Fea's tube-nosed bat (Murina feae), also known as the ashy tube-nosed bat, is a species in the vesper bat in the family Vespertilionidae, found in southeastern Asia (including Myanmar, Thailand, Cambodia, Laos, and Vietnam) and southern China. They have tube-shaped nostrils (hence the name) which assist them with their feeding. It is named after Italian naturalist Leonardo Fea.

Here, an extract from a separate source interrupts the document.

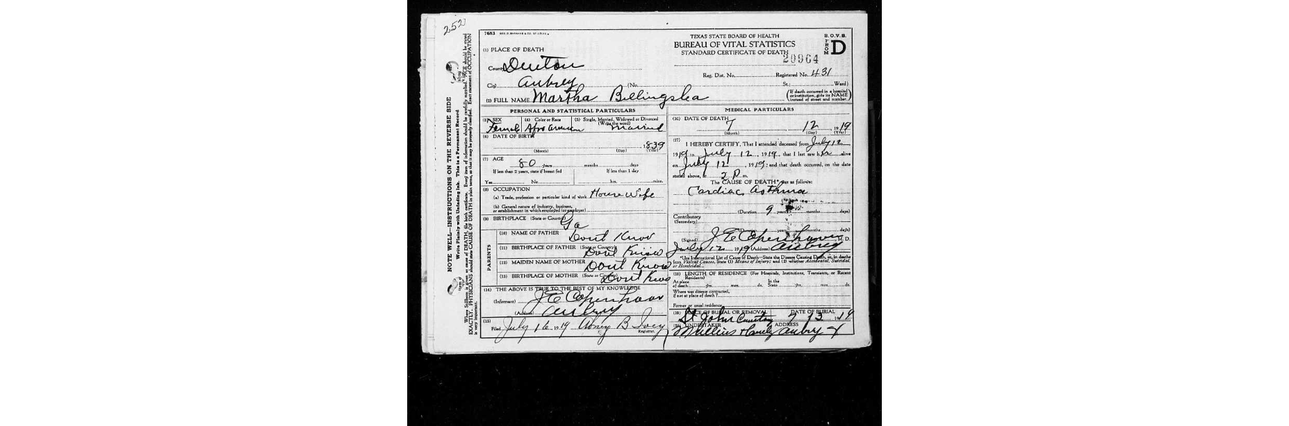 - Ancestry.com. Texas, Death Certificates, 1903-1982 [database on-line]. Provo, UT, USA: Ancestry.com Operations, Inc., 2013.

Originally described by Oldfield Thomas in 1891, it was later synonymized with the little tube-nosed bat (M. aurata). In 2011, populations of Scully's tube-nosed bat (M. tubinaris) from Southeast Asia were described as a new species, the ashy tube-nosed bat (M. cineracea). The ashy-gray bat was one of 126 new species found in the Greater Mekong region during 2011, discovered by a team from the Hungarian Natural History Museum (HNHM) and Fauna and Flora International (FFI). There were two other tube-nosed bats found in Southeast Asia in 2011: Beelzebub's tube-nosed bat (M. beelzebub) and Walston's tube-nosed bat (M. walstoni). However, further analysis found that populations of M. cineracea belong to Thomas's M. feae, which was also found to be distinct from M. aurata; M. feae was thus revived as a distinct species.

The former name "ashy" comes from the color of their dorsal fur, while the ventral fur is dark gray, and there is some white fur on the breast area. In some areas the tips of the hair are dark. It lacks the golden guard hairs so common in other members of the genus Murina. This bat is small enough to fit in a person's hand, weighing between 4.0 and 5.5 g.